Exercise instructions
An exact transcription of every record is needed, leaving out the pictures.

Collected data entries:
▬▬▬▬▬▬
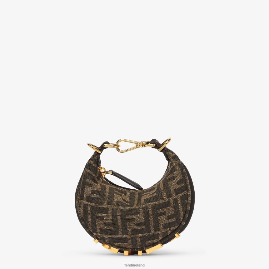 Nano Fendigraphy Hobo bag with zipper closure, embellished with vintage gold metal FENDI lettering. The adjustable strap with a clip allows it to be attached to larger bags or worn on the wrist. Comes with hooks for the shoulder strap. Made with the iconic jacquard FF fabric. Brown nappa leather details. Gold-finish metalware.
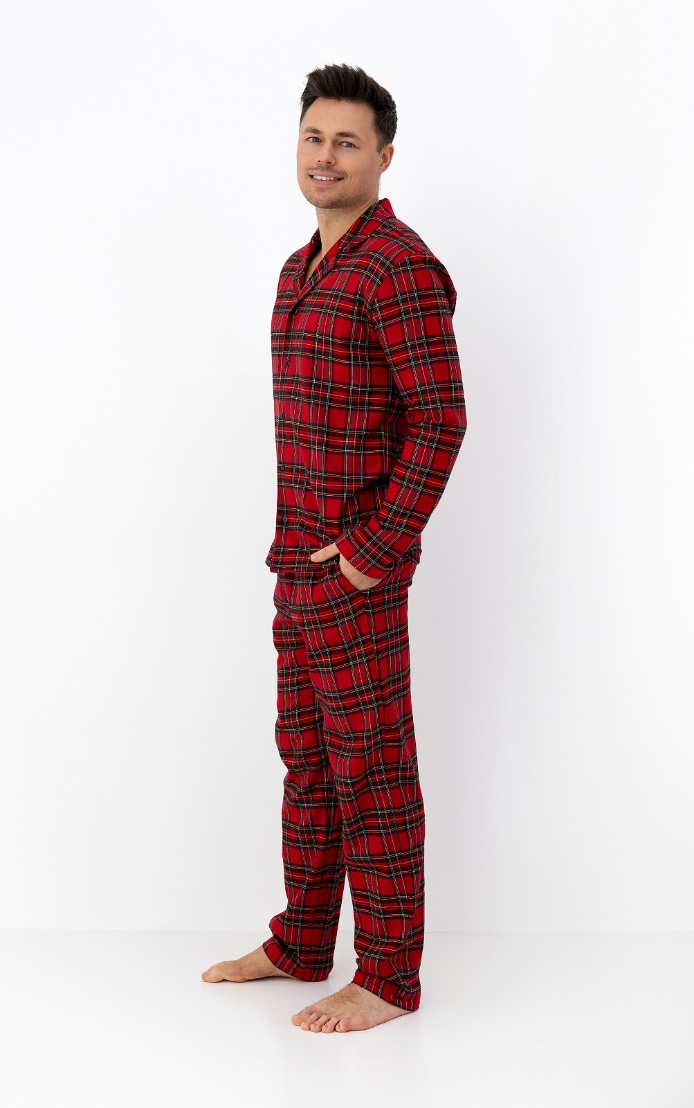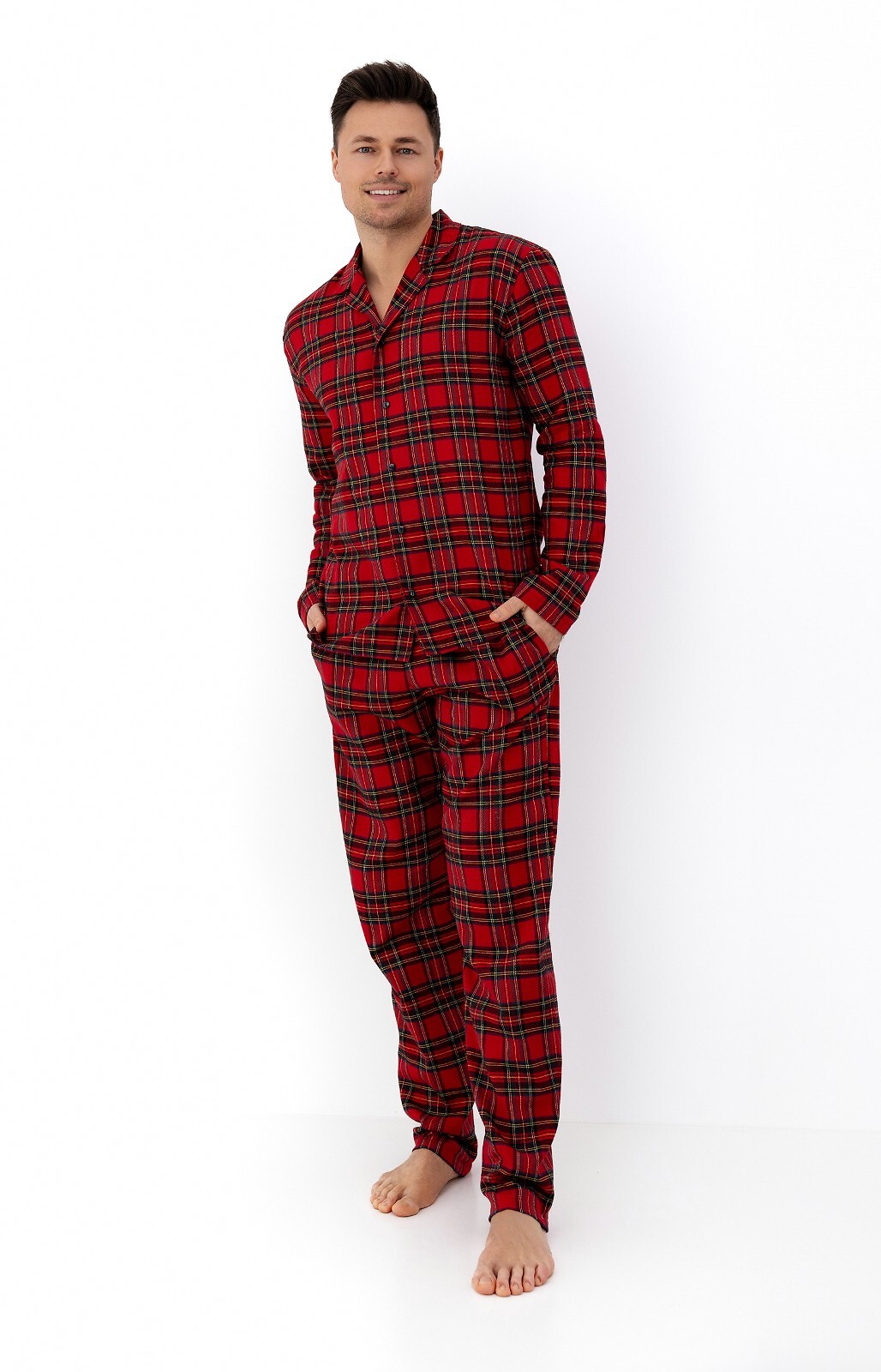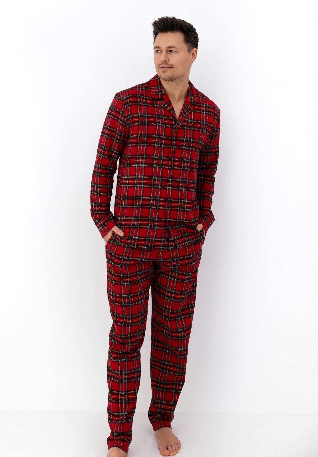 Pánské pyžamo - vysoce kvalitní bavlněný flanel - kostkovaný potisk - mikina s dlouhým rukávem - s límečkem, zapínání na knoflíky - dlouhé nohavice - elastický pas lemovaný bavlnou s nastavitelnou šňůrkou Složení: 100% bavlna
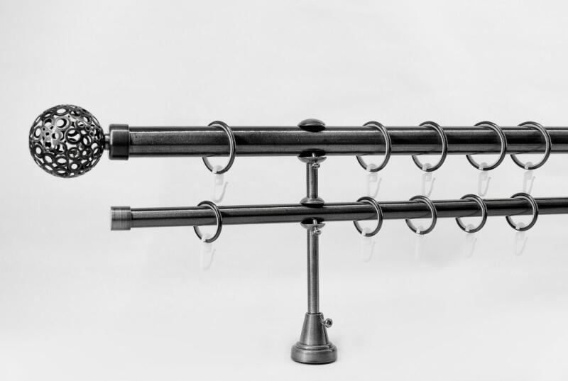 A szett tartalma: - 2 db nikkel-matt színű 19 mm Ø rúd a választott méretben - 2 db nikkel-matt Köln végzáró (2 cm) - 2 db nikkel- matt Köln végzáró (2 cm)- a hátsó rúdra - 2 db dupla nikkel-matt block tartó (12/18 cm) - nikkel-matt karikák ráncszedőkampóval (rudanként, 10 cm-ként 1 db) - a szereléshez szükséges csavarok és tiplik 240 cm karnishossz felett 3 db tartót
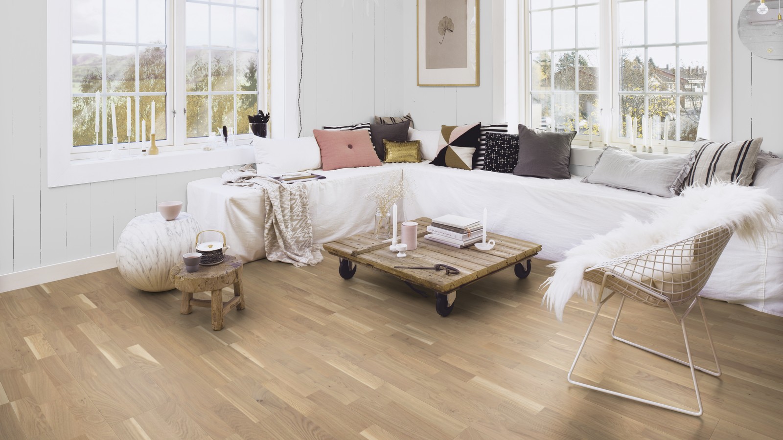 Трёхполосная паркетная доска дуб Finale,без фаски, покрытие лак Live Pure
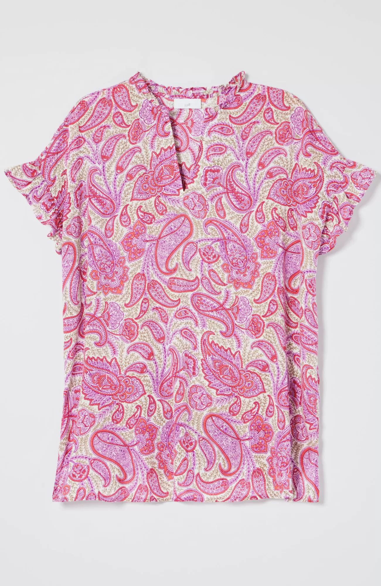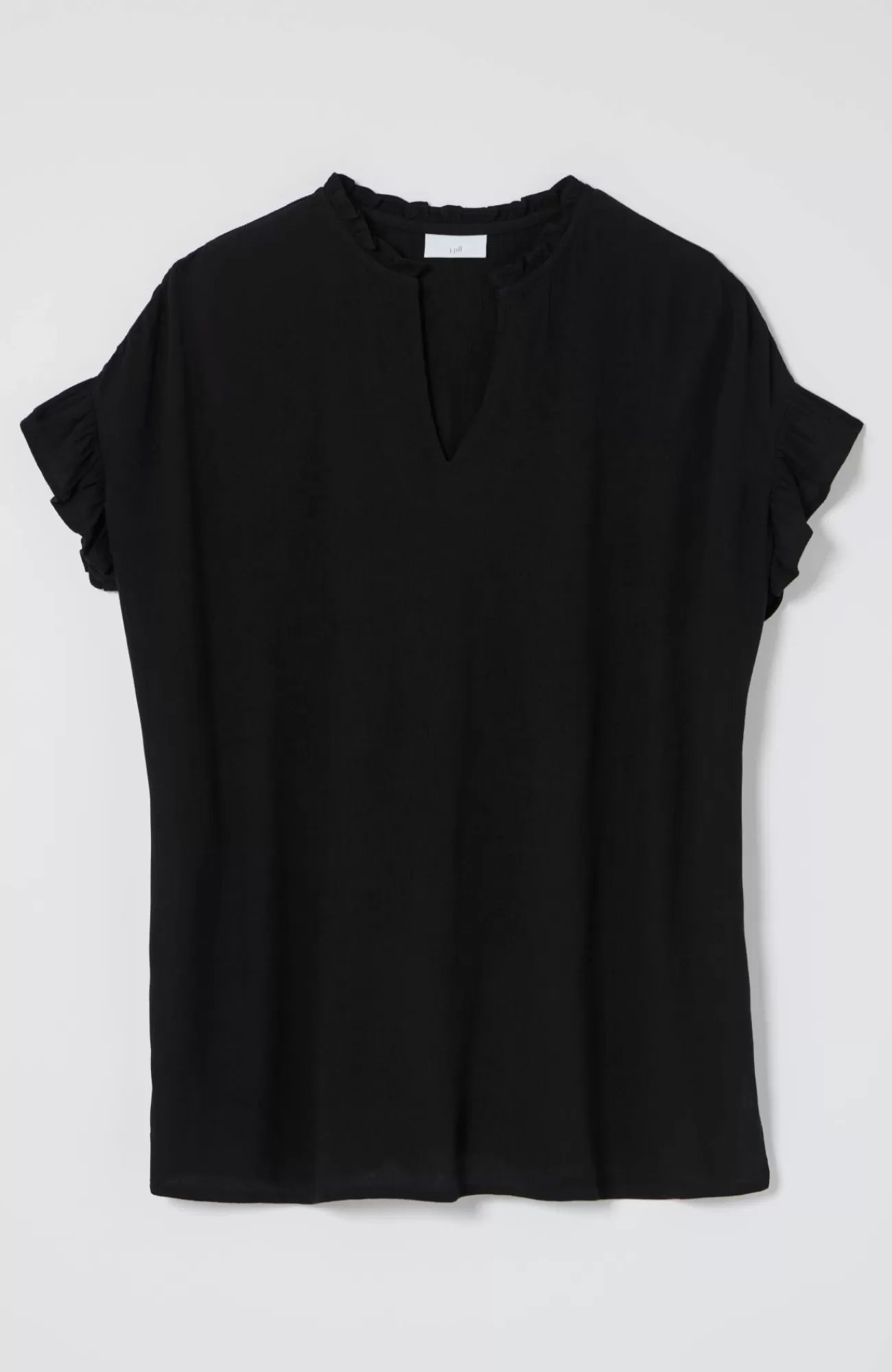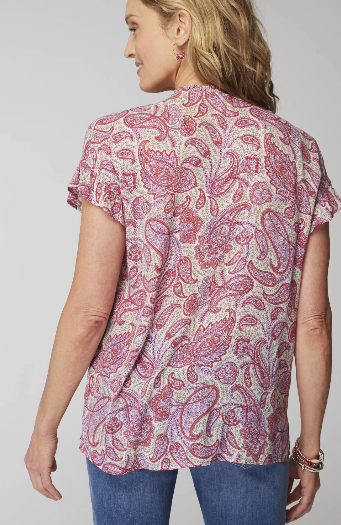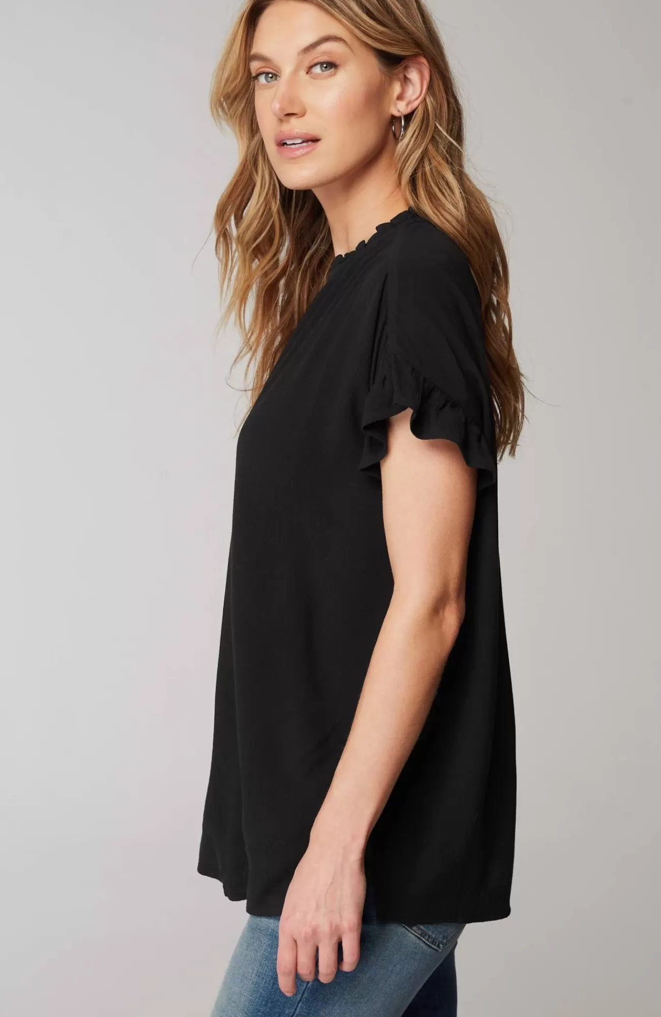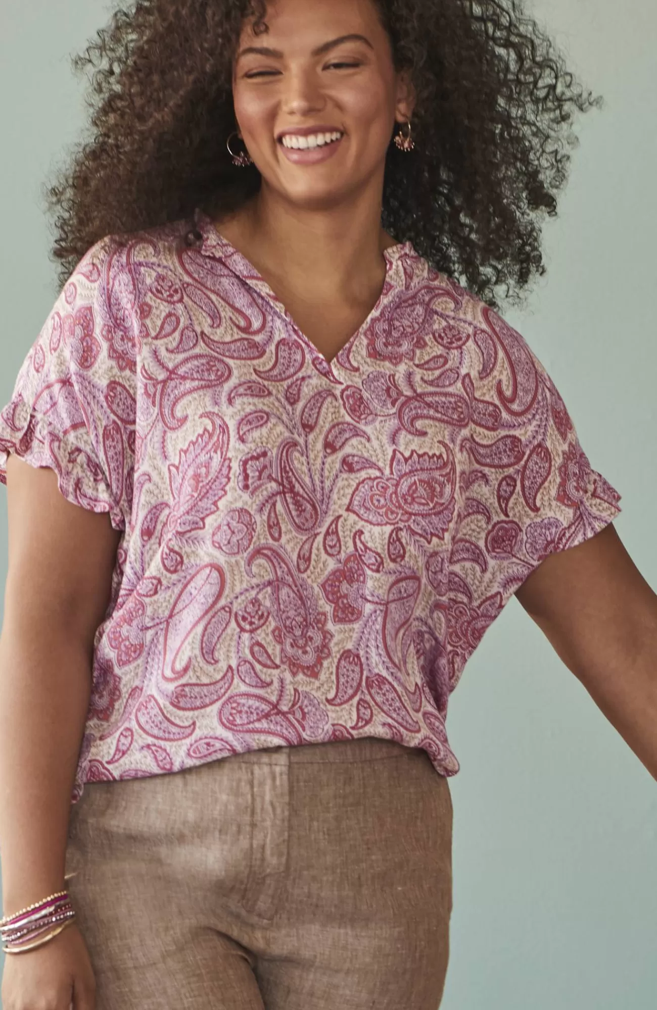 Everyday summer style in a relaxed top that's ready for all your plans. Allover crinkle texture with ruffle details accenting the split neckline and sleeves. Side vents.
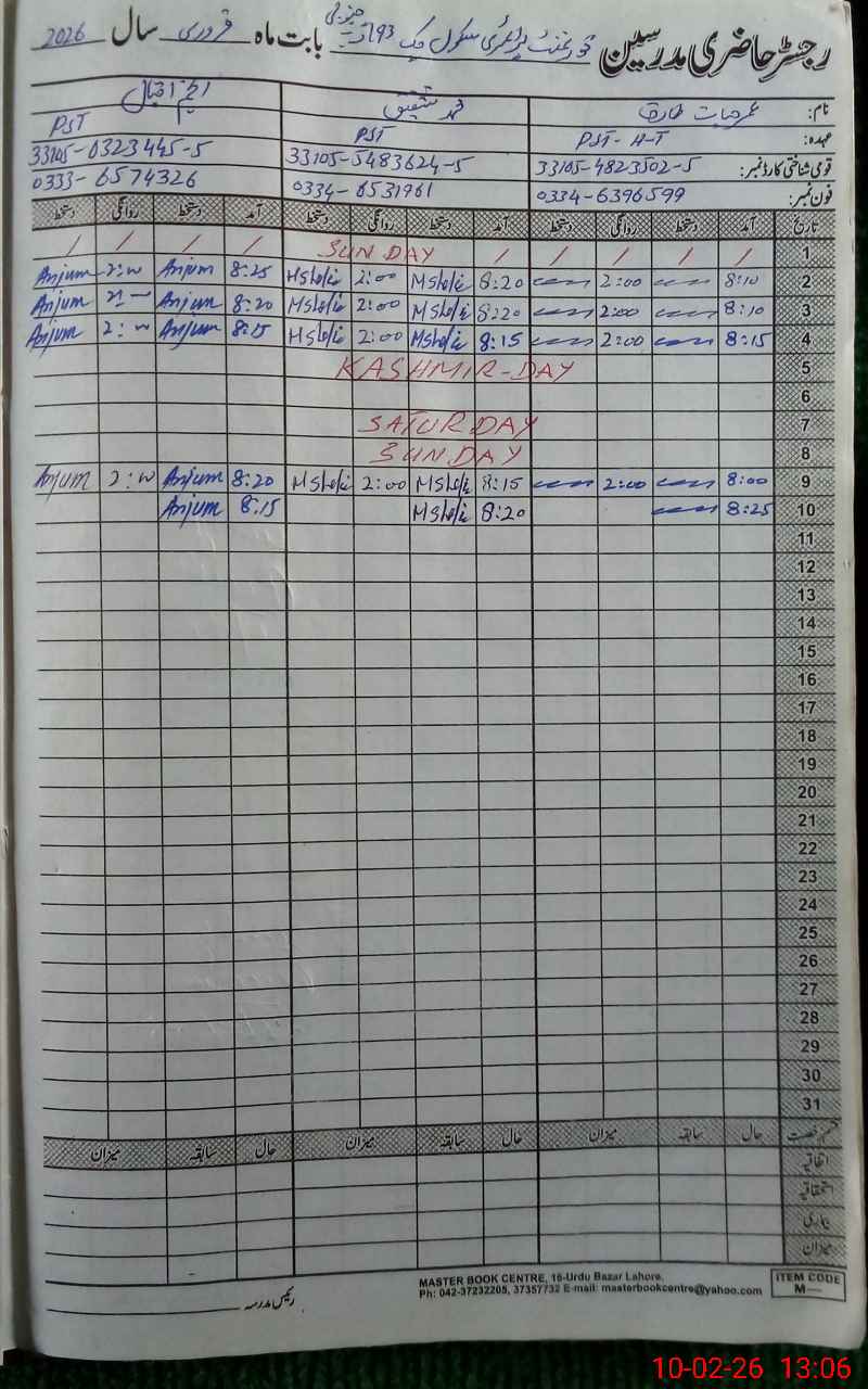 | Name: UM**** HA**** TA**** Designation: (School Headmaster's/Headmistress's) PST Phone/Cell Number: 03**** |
▬▬▬▬▬▬
Solution below
 Nano Fendigraphy Hobo bag with zipper closure, embellished with vintage gold metal FENDI lettering. The adjustable strap with a clip allows it to be attached to larger bags or worn on the wrist. Comes with hooks for the shoulder strap. Made with the iconic jacquard FF fabric. Brown nappa leather details. Gold-finish metalware.
 Pánské pyžamo - vysoce kvalitní bavlněný flanel - kostkovaný potisk - mikina s dlouhým rukávem - s límečkem, zapínání na knoflíky - dlouhé nohavice - elastický pas lemovaný bavlnou s nastavitelnou šňůrkou Složení: 100% bavlna
 A szett tartalma: - 2 db nikkel-matt színű 19 mm Ø rúd a választott méretben - 2 db nikkel-matt Köln végzáró (2 cm) - 2 db nikkel- matt Köln végzáró (2 cm)- a hátsó rúdra - 2 db dupla nikkel-matt block tartó (12/18 cm) - nikkel-matt karikák ráncszedőkampóval (rudanként, 10 cm-ként 1 db) - a szereléshez szükséges csavarok és tiplik 240 cm karnishossz felett 3 db tartót
 Трёхполосная паркетная доска дуб Finale,без фаски, покрытие лак Live Pure
 Everyday summer style in a relaxed top that's ready for all your plans. Allover crinkle texture with ruffle details accenting the split neckline and sleeves. Side vents.
 | Name: UM**** HA**** TA**** Designation: (School Headmaster's/Headmistress's) PST Phone/Cell Number: 03**** |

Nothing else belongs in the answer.